The HLP basalts tested from various times have characteristic compositional groups, but all can be created from same source, i.e., the upwelling mantle magma. The basalt mixes with crust, and sits and gets loaded with more basalt below. Crystal fractionization occurs in the magma chambers, dividing the magma types further. Rhyolites going west towards Newberry get more basaltic over time, and crust is being added to the basaltic magma over time. Grunder believes that this may be a similar mechanism to that of early continental growth. 
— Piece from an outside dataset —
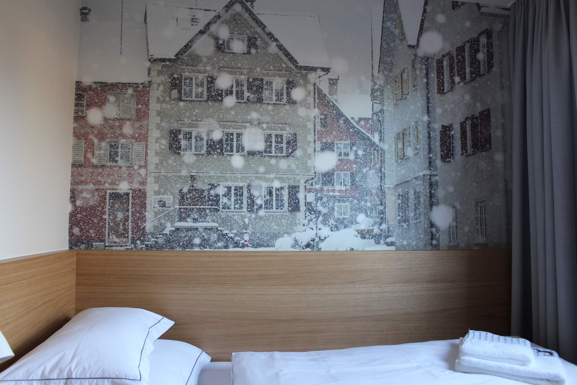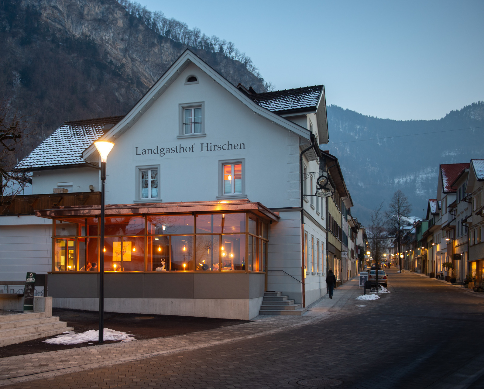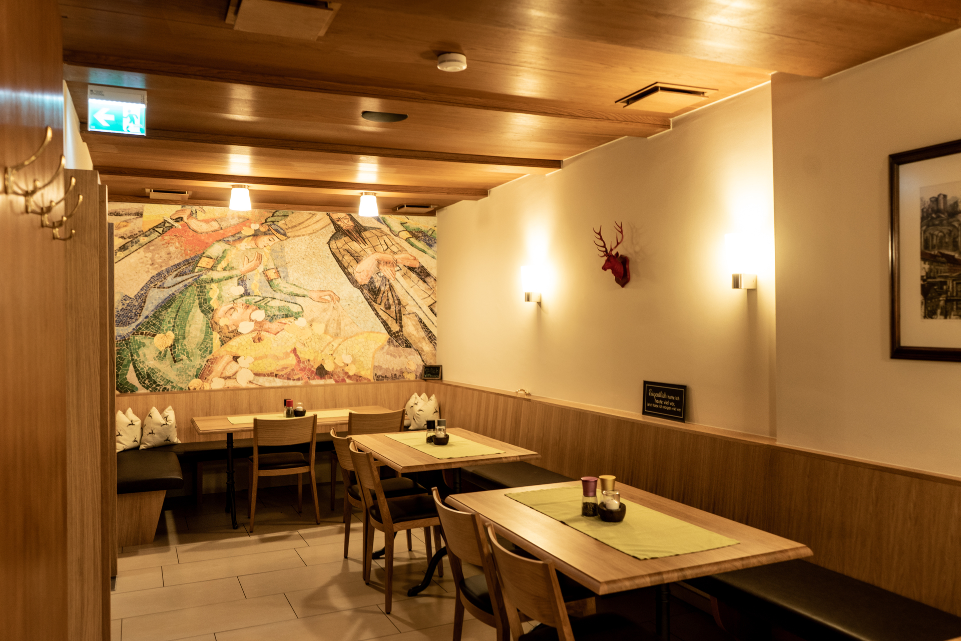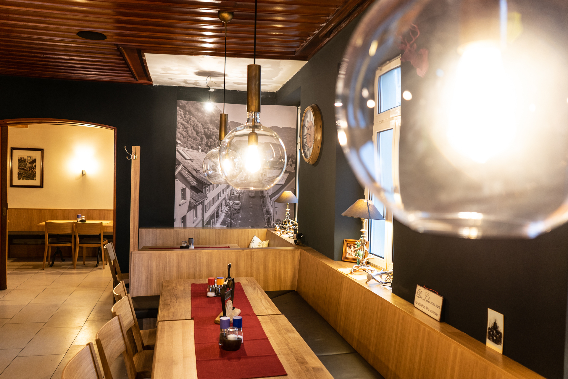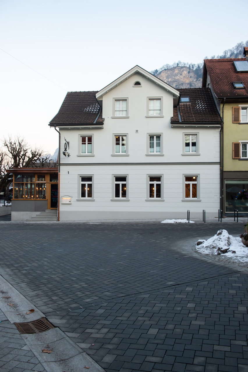 Der Holzbau der neuen Veranda im Süden wirkt mit seinen großflächigen Verglasungen als aufgeschlossenes, von der Straße direkt zugängliches „städtisches Wohnzimmer“. Das Bestandsgebäude mit dem markanten Kreuzgiebel, das zugleich als Wohnhaus dient, wurde zurückhaltend saniert. Im niedrigen Trakt, der gartenseitig ans Haus schließt, befinden sich neben einer Garage der eigentliche Haupteingang mit Rezeption für das benachbarte Gästehaus, eine neue Sanitäranlage sowie der Zugang in den aus hellem Naturstein gebauten Gewölbekeller, der im Zuge des Umbaus freigelegt wurde. Der Gastgarten mit schönem Kastanienbestand wurde von kleinteiligen Einbauten befreit. Komplett neu ist auch die Küche des Lokals. Die elf Zimmer im dunkelrot verputzten Gästehaus erhielten neue Böden, Bäder und Möblierung. (Text: Tobias Hagleitner)

But wait, they're not done yet! What should happen to the crust when you add all this basalt below? It sinks! The HLP group checked out the density using seismic wave analysis, and it does indeed. Using the imaging from the seismometer array, the group produced a crustal density model which includes a huge amount of material with basalt density at the base of the continent, showing all the basalt magma which is being added to the continent; a mechanism of continental growth. So in addition to explaining the origin of the magma, the group has weighed in on the question of whether the continents can grow or the amount of continental crust is constant over time. 

Illustration of crust model used in the lecture. Numbers shown in the crustal layers are the specific gravity found therein. 


“Bimodal volcanism of the High Lava Plains and Northwestern Basin and Range of Oregon: Distribution and tectonic implications of age-progressive rhyolites,” by Mark T. Ford, Anita L. Grunder, Robert A. Duncan, First published August 8, 2013, Available online at AGU Publications website. 

“The Oregon High Lava Plains: Proof against a plume origin for Yellowstone?,” by Brennan T. Jordan, Earth Sciences Program, University of South Dakota, and published on website 

The above references are technical in character. If the above article assumes much more about geology than you are familiar with, then you would be advised to read the following references: 

Oregon Geology (2012 edition) by William and Elizabeth Orr is a great introduction to the geophysical provinces of Oregon. Also, the introductory chapter of Roadside Geology of Oregon, second edition, by Marli Miller has a good, brief introduction to Oregon geology and the rest of its contents may spur you to do some exploring of our great state on your own.